At June 30, 2010, leases accounted for 75% of the Company s net investment in leases and loans. The Company leases and finances most capital assets used by businesses and organizations, with a focus on high technology systems and other mission critical assets. The leases are structured individually and can accommodate a variety of our customers objectives. In addition to computer systems and networks, property leased includes automated manufacturing and distribution management systems, production systems, printing presses and warehouse distribution systems. Telecommunications systems include digital private branch equipment and switching equipment as well as voice over Internet protocol (“VoIP”) systems, wireless networks and satellite tracking systems. Retail point-of-sale and inventory tracking systems often integrate computers, scanners and software. Other electronic equipment leased includes ultrasound and medical imaging systems, computer-based patient monitoring systems, testing equipment, and copying equipment. In addition, the Company leases a wide variety of non-high technology property, including oil and gas production equipment, machine tools, school buses, trucks, exercise equipment and office and dormitory furniture. Of the leases booked in fiscal 2010, approximately 30.3% involved oil and gas production equipment, 27.6% computer equipment and software, 15.1% manufacturing equipment, 9.4% furniture and fixtures, and 5.8% transportation, with the balance including yellow, medical and test equipment, point of sale and office equipment.

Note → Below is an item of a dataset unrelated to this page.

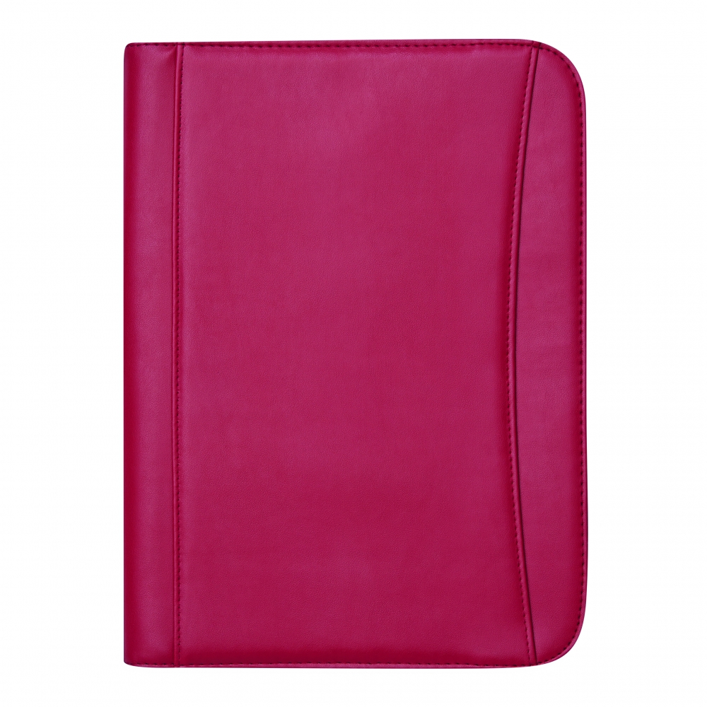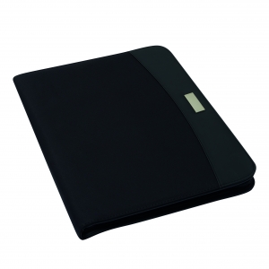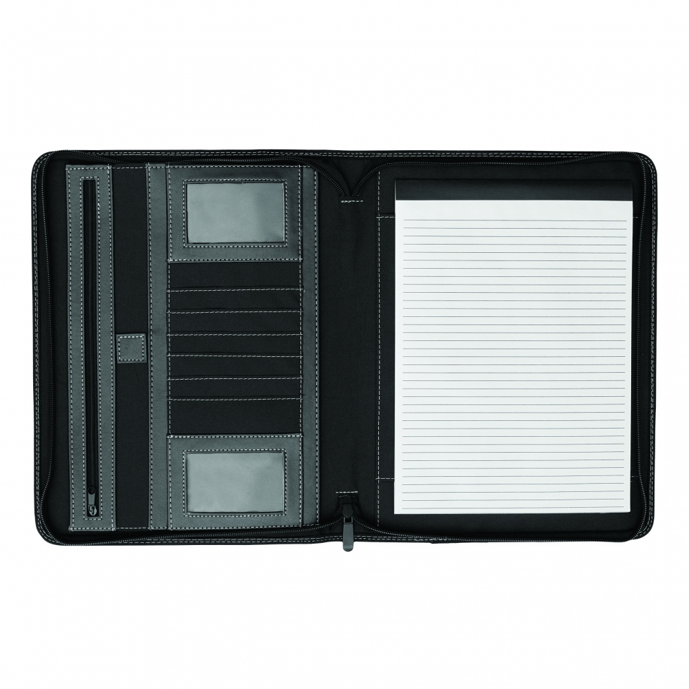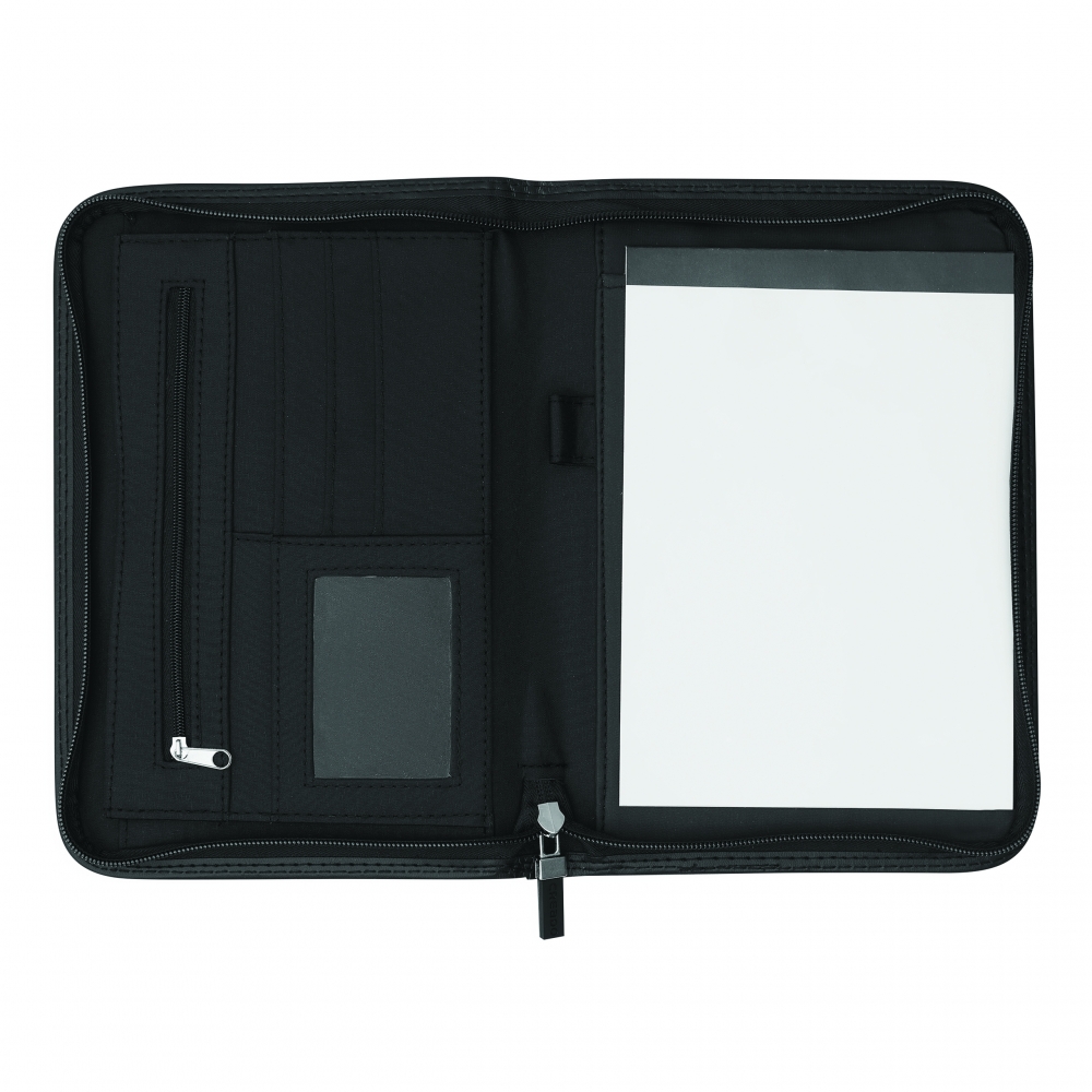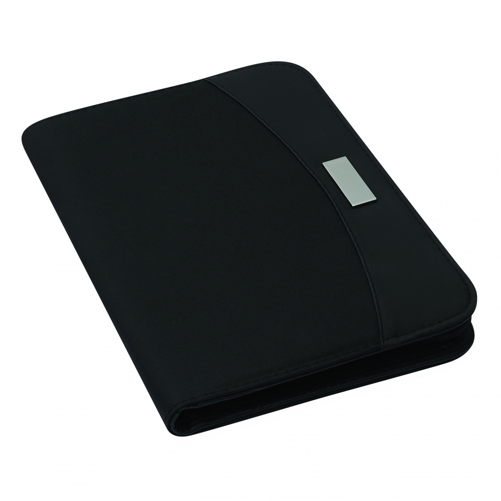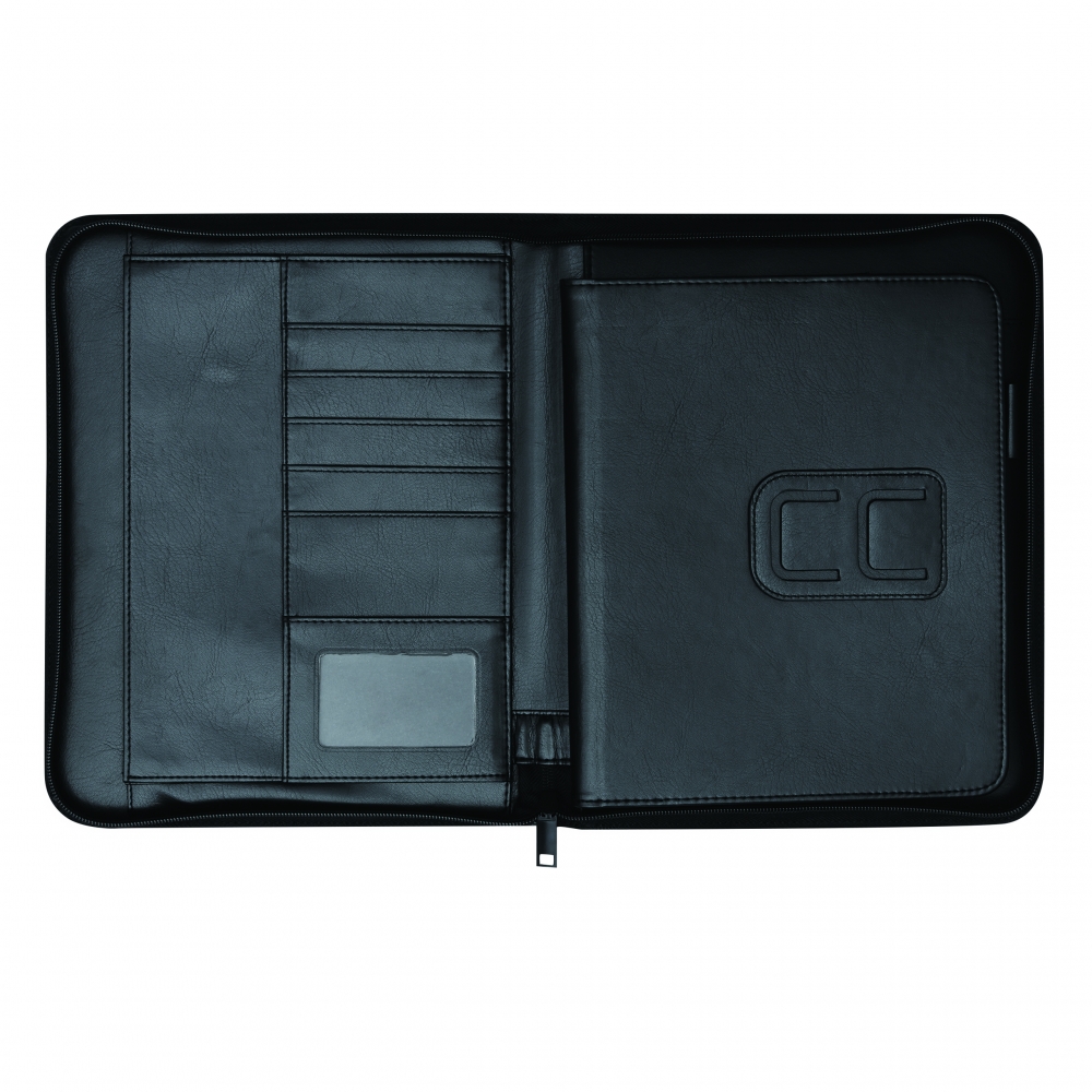 Portfolio CREADO im DIN-A5-Format: mit Schreibblock, Reißverschlussfach, diversen Einsteckfächern und umlaufendem Reißverschluss, Aluminiumplättchen für Ihre Werbeanbringung

CalFirst Leasing and CalFirst Bank provide leasing and financing to customers throughout the United States and across a breadth of industries and disciplines, including commercial, industrial and financial companies, as well as government and non-profit entities. The average size of lease transaction booked during fiscal 2010 was approximately $468,000, compared with $398,000 during fiscal 2009. One customer accounted for 27% of the property cost subject to leases booked during fiscal 2010, but historically no lessee has represented more than 5% of leases booked in any one year. Leases primarily are originated directly through a centralized marketing program and direct delivery channels. The marketing program includes a confidential database of current and potential users of business property, a training program to introduce new marketing employees to leasing, and an in-house computer and telecommunication systems. The marketing programs have been augmented through the expanded use of web sites and the Internet to identify and communicate with potential customers. Prospect management software is utilized to enhance the productivity of the sales effort. Specific information about potential customers is entered into a confidential database accessible to sales professionals and their managers that allows them to efficiently focus on the most likely purchaser or lessee of capital assets. The prospect management system and an integrated in-house telecommunications system permit sales management to monitor account executive activity, daily prospect status and pricing information. The ability to monitor account activity and offer immediate assistance in negotiating or pricing a transaction makes it possible to be responsive to customers and prospects.